BooksAugust 19, 2019

How shit I am: a poet on her first slam

Spotlight on microphone stand on stage

Prolific, award-winning Palmerston North poet Paula Harris somehow manages to be stroppy and properly vulnerable all at once. Here, she writes about her first slam competition – and why she cried all the way home. 

I am old enough to have given birth to most of the people here.

Sure, there’s a couple of parents and aunties here to be supportive (or they’re just random people who’ve accidentally walked into a poetry slam??). But I am otherwise, far and away, the oldest person here.

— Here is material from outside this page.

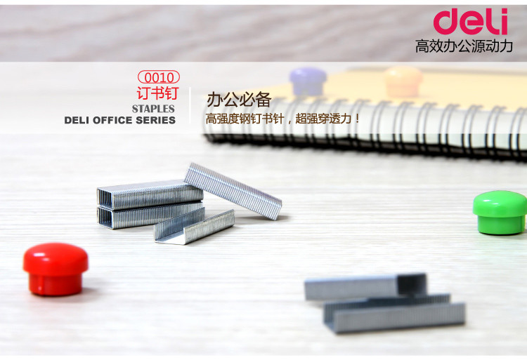 温馨提示Kindly Remind得力(Deli)0010通用订书钉推荐搭配:得力0366-省力型订书机超强装订组合,办公更得力使用小贴士当订书机中的订书针使用至最后几枚时,可能会出现卡钉,此为正常现象,请及时补充订书钉

I’m aware that there’s a degree of advantage to this; that The Young People look at me and don’t see a woman with a shaved head and tattooed forearm, they see an overweight middle-aged woman who will undoubtedly mumble out a poem about flowers or puppies. Suckers. I’m used to audiences that skew younger than me. But here’s the thing – messed-up relationships are a subject matter that can cross generations. Especially if you’re as bad at relationships as I am. Ditto mental health issues – anxiety, depression, psych wards…. I don’t need to be in my twenties to get an audience to feel the thing I’m writing about. They’ll get it.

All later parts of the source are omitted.